It’s become a common refrain: we’re all busy, we’re burnt out, we have too many things to do, our mental load is too heavy already. Who has the time and bandwidth to sit quietly and read a 300-page book?
This holds up in the data too: Americans are reading fewer books, and spending less time reading, than ever before.
While most people I’ve spoken to don’t exactly seem happy about the fact that they no longer read (or read far less than they used to), they have largely resigned to this state of affairs. They’ve come to accept it as normal.

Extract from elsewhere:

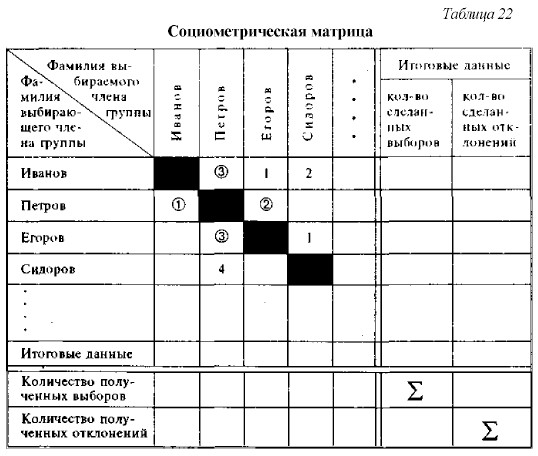 Оценка результатов Оценки, данные по каждой шкале (паре противоположных эмоционально-оценочных прилагательных), переводятся в баллы в соответствии со шкалой, представленной в верхней части рисунка. Если отметка испытуемого располагается между двумя пунктами шкалы, то берется промежуточное, дробное число баллов. Далее вычисляется средняя оценка по всем десяти шкалам семантического дифференциала. Она и является количественной характеристикой общего эмоционального отношения испытуемого к тому человеку, к которому относятся полученные оценки. Отношение считается положительным, если средняя оценка также положительная; отношение рассматривается как отрицательное, если соответствующая средняя оценка отрицательная. Сила эмоционального отношения, соответственно, отражается в абсолютной величине полученной средней оценки. Методика 23. Социометрическая методикаЭта методика позволяет определить положение испытуемого в системе межличностных отношений той группы, к которой он принадлежит. Исследование группы при помощи данной методики обычно проводится тогда, когда группа включает в себя не менее 10 человек и существует не менее одного года. Перед началом исследования члены группы, собравшиеся в каком-либо помещении, например, в классе или в аудитории, получают инструкцию примерно следующего содержания: «Ваша группа (класс) существует уже давно. За время совместной жизни и общения друг с другом вы, наверное, смогли неплохо узнать друг друга, и между вами сложились определенные личные и деловые отношения, симпатии и антипатии, уважение, неуважение друг к другу и т.п. Не все, очевидно, складывалось гладко и образовавшиеся между вами отношения далеки, по-видимому, от идеала. С кем-то вам хорошо находиться в одной группе (классе), кто-то вас не очень устраивает и с ним вы хотели бы расстаться. Теперь представьте себе, что ваша группа начинает складываться сначала и каждому из вас представляется возможность вновь по своему желанию определить состав группы (класса). Ответьте в этой связи на следующие вопросы, записав свои ответы на отдельном листе бумаги. Его предварительно необходимо подписать, чтобы мы могли судить о том, кто и кого выбирает или отвергает. 1. Кого из членов вашей группы (класса) вы по своему желанию включили бы в состав новой группы (класса)? Запишите этих людей на листе бумаги под номером 1 в порядке предпочтения. 2. Кого из членов вашей группы вы, напротив, не хотели бы видеть в составе новой группы (класса)? Запишите их под номером 2 в порядке отклонения». Листы с ответами испытуемых на предложенные вопросы обрабатываются, и имеющаяся в них информация переносится в специальную таблицу (табл. 22), называемую социометрической матрицей.

But if we’re being honest, it isn’t really normal. The fact that we don’t read books anymore—and more broadly, that we feel a loss of control over how we spend our own time—is in fact a troubling symptom of a much larger problem.
So why did we stop reading?
While there are many factors, one thing is clear: the time we used to spend reading books is now largely spent on our phones consuming “content” (a word I truly loathe). A 2024 study showed that Americans are losing an estimated 36 days a year—or 3 full days per month—to content consumption, and that seems like a conservative estimate. Whatever small blocks of downtime we might have are disappearing into the abyss of Instagram reels and TikTok videos, hot takes on Substack Notes and Threads, newsletters, the news—consuming the information equivalent of entire bags of Cheeto’s and M&Ms. Much of this content, it’s worth noting, is meant to sell us something.
Lately, I’ve been feeling almost allergic to content. Like my body is physically rejecting it. Whenever I open Instagram or Substack Notes and started scrolling, I begin to feel vaguely unwell until the point at which I point the phone back down. (I’m aware of the irony of sharing this in a Substack post.)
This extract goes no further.